Никто ни улыбкой, ни словом не отозвался на шутку. Ну и пускай, из кожи вон лезть он не станет. Зато вдоволь поест настоящего мяса вместо вонючей падали, которой его до сих пор потчевали в паршивых придорожных корчмах. И послушает звуки человеческих голосов, шелест светской беседы вместо грубой солдатской брани. И отдохнет под музыку еврейского оркестра от надоедливого скрипа конской упряжи.

Ну и выпьет хорошего вина вместо сатанинской мочи, которую эти варвары называют водкой. Здесь, в гостеприимном, веселом и уютном уголке, все пережитое за последние месяцы и даже дни кажется лишь кошмарным наваждением, а все эти Куцы, Астафьевы, Орловы — ночными мороками, которых ничего не стоит прогнать одним взмахом руки с зажатым в пальцах куском мяса.

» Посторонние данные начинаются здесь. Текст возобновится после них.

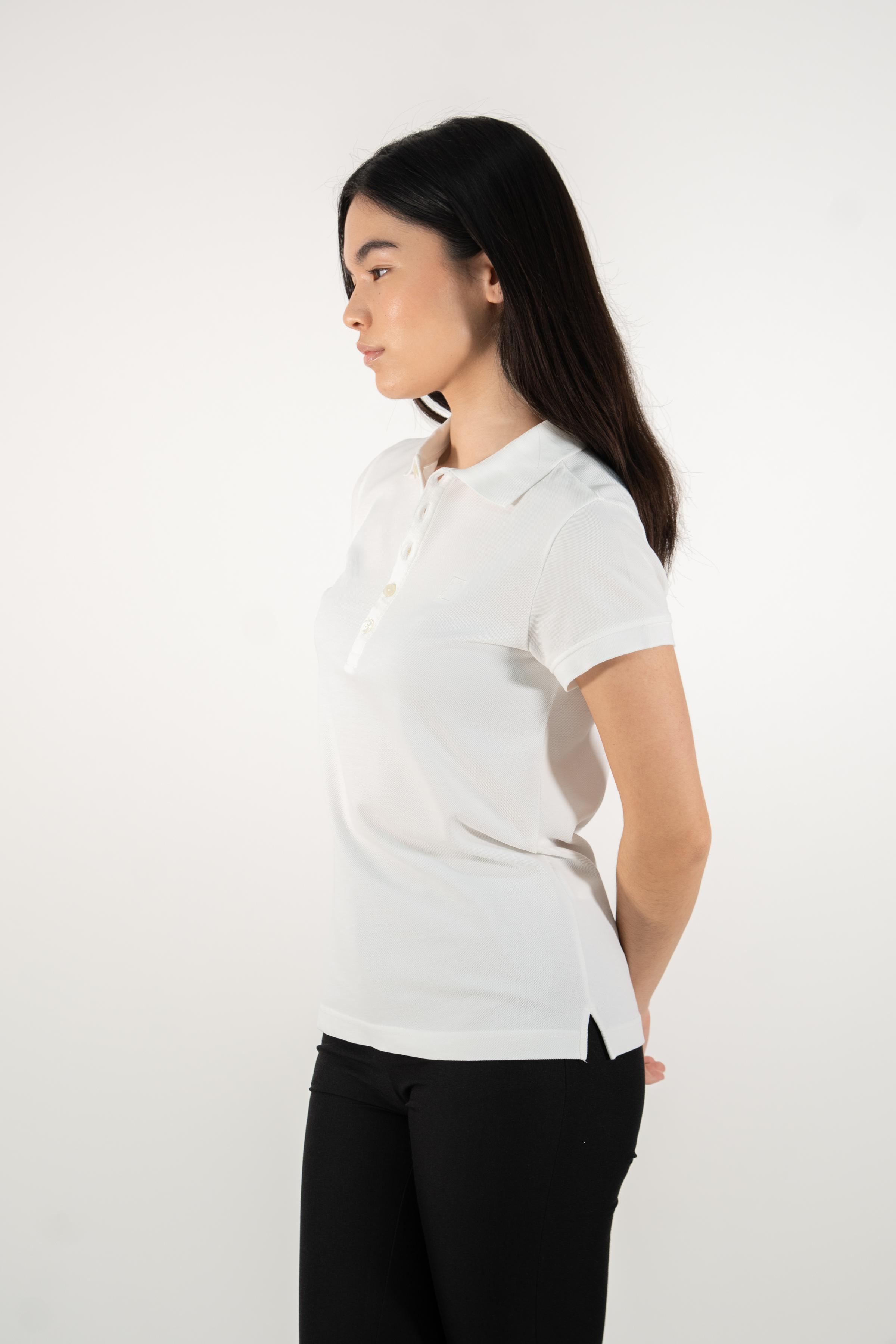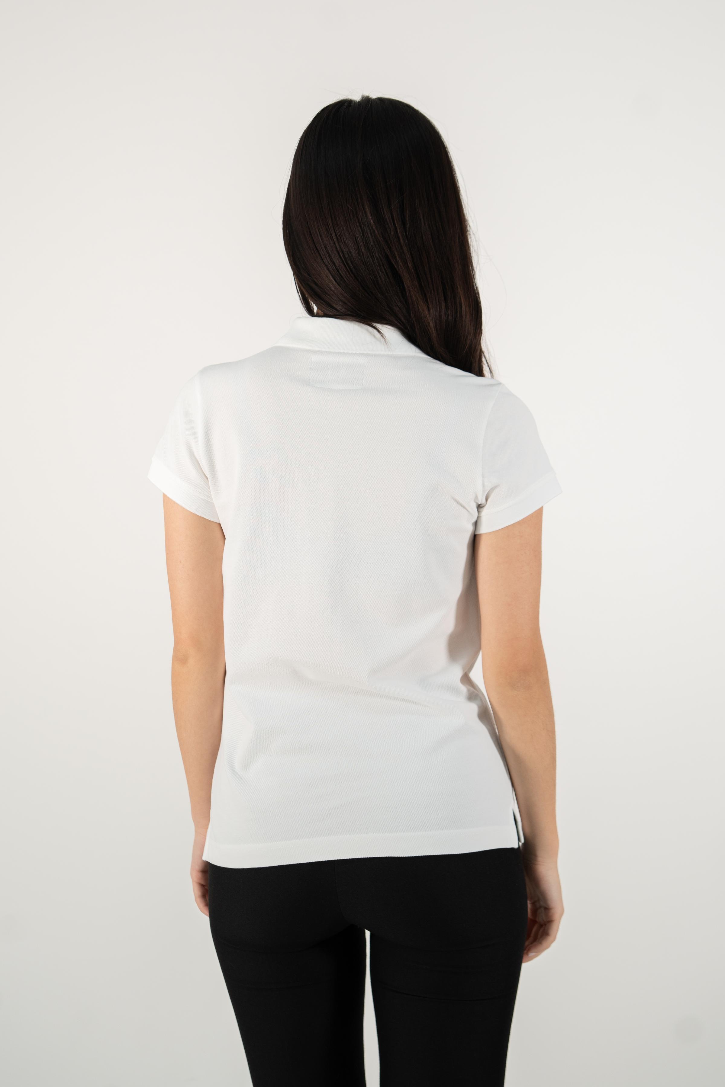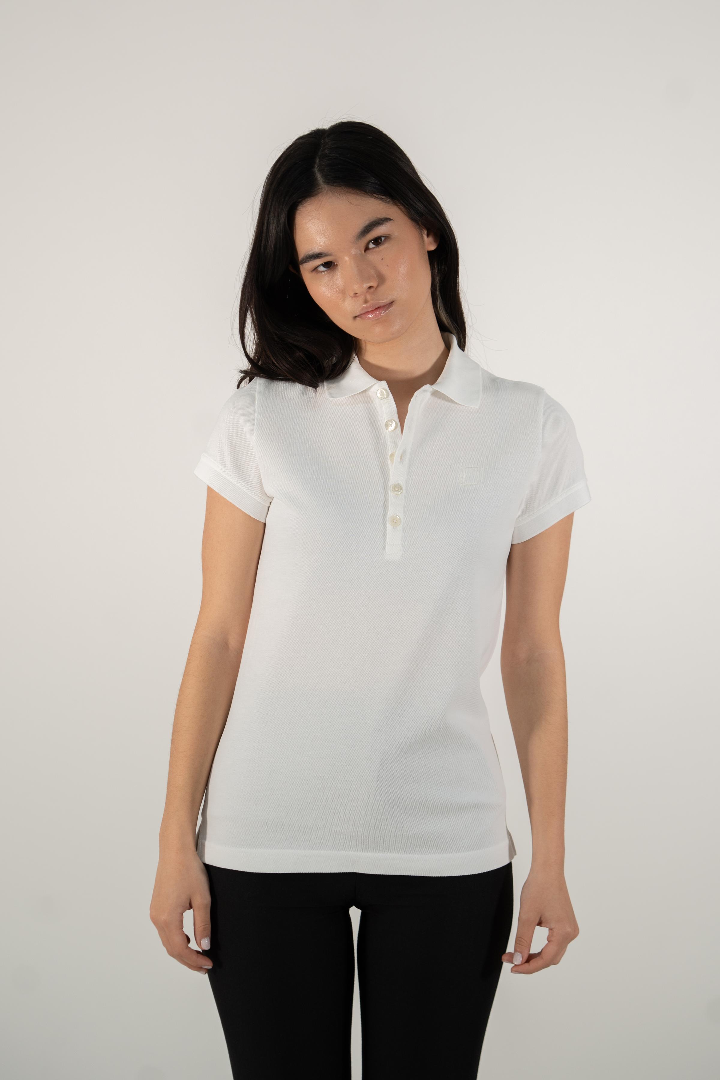 White Supima cotton polo shirt for women, adorned with the elegant MOANUI logo in white embroidery. Crafted from premium Supima cotton, this polo offers unparalleled softness, durability, and breathability, ensuring ultimate comfort throughout the day. The classic polo design is elevated with a modern twist, making it ideal for casual outings and semi-formal occasions alike.
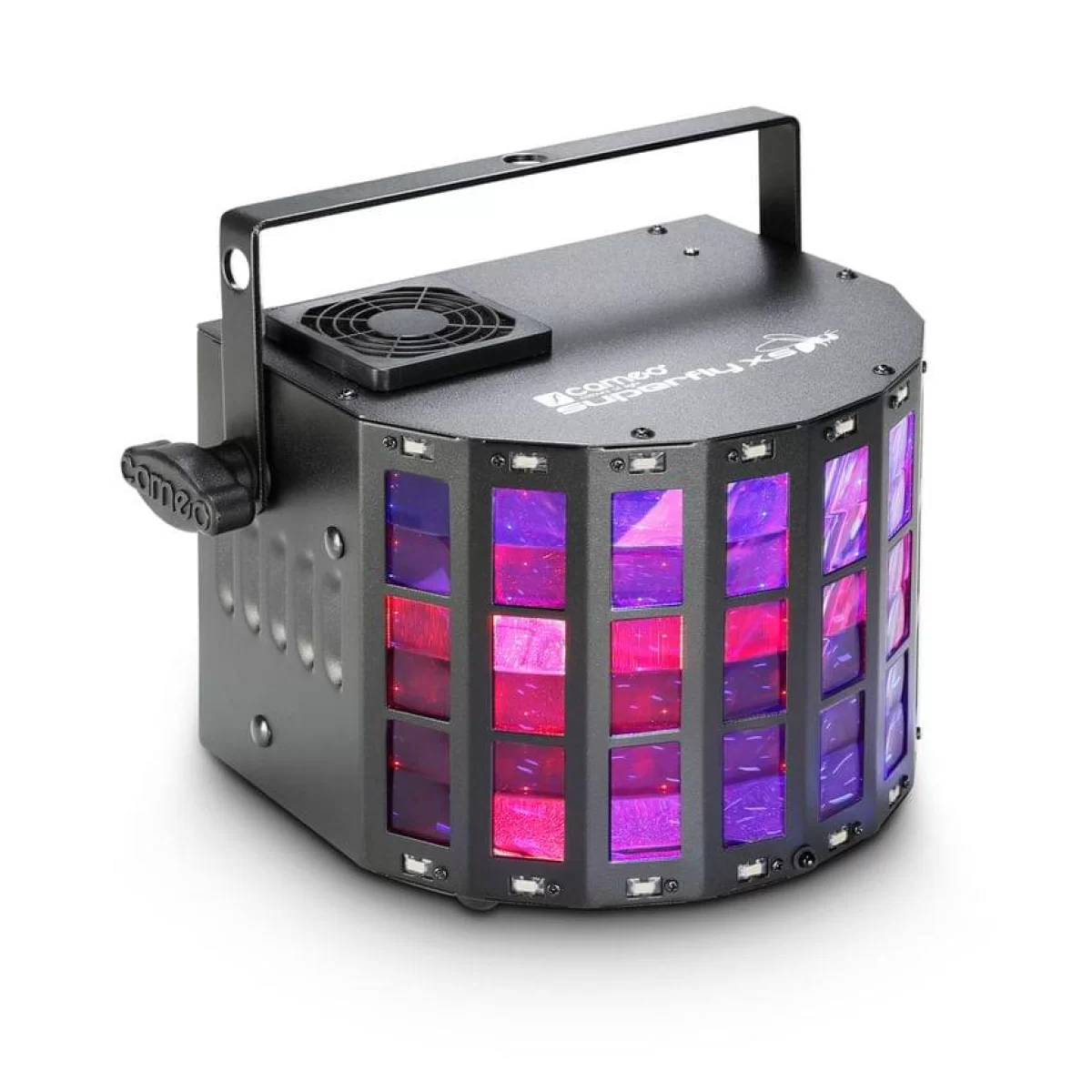С четырьмя долговечными 3-ваттными светодиодами RGBW и 48 точными линзами SUPERFLY XS создает яркий эффект дерби широких острых лучей света, прорезанных интенсивными, ультра яркими цветами. Встроенный строб состоит из 16 белых светодиодов 0,5 Вт. Оба эффекта можно использовать индивидуально.

Внезапно Джакомо почувствовал на себе чей-то пристальный взгляд. Незаметно, со сноровкой привыкшей к преследованию дичи, огляделся. С другого конца стола ему заговорщически улыбался русский офицер, накануне руководивший захватом корчмы. Казанова мгновенно вернулся на землю. Не время витать в облаках. Сейчас нельзя расслабляться.

— Что самое интересное, — еще раз попробовал он привлечь внимание соседей, — что самое интересное, подобной магнетической силой обладаем и мы, люди, хотя не подозреваем об этом. Но я готов доказать, что с ее помощью можно переносить горы. При желании, разумеется. Что бы вы сказали, если бы я сейчас выпустил из рук этот кусок благородного косульего мяса, а он, как ни в чем не бывало, остался висеть в воздухе?

И театральным жестом поднял левую руку, словно собирался исполнить свое обещание, но зрители остались, на удивление, безразличными. Подросток поглядывал на него с некоторым испугом, старушка увлеченно облизывала косточки. Джакомо громко кашлянул, однако она даже не шелохнулась. Еще громче — никакого впечатления. Наклонился к мальчику:

— Она глухая?

Тот не ответил, только робко пошевелил губами.

— Не слышит?

Мальчик снова беззвучно произнес какую-то фразу и наконец решился:

— Простите, я не понимаю по-французски.

Окорок косули не повис в воздухе, удерживаемый магнетической силой, а грохнулся на серебряную тарелку.

Кто-то положил руку Джакомо на плечо:

— Вот мы и встретились, герр Казанова.

Купец из Ганновера. Раньше он своих попутчиков не заметил, хотя, вероятно, они здесь давно. Странно: ведь купчишек за один стол с дворянами не сажают. И откуда этот тип знает его фамилию? Насколько помнит, он ему не представлялся. И что за фамильярность!

— Неисповедимы пути Господни, герр…

Купца за его спиной уже не было. Джакомо увидел только высокую фигуру, исчезающую в темноте.

Этот эпизод раздосадовал его и заставил удвоить бдительность. Даже в таком приятном уголке нет покоя. Сперва этот офицеришка, теперь бородач из Ганновера. Похоже, они связаны какой-то таинственной нитью. Но что у них может быть общего? Стараясь не привлекать к себе внимания, Джакомо вышел из-за стола. Сунул в карман кусок коврижки, прихватил яблоко. Как бы там ни было, хоть его свита, примостившаяся у ограды дворца, подкрепится чем Бог послал..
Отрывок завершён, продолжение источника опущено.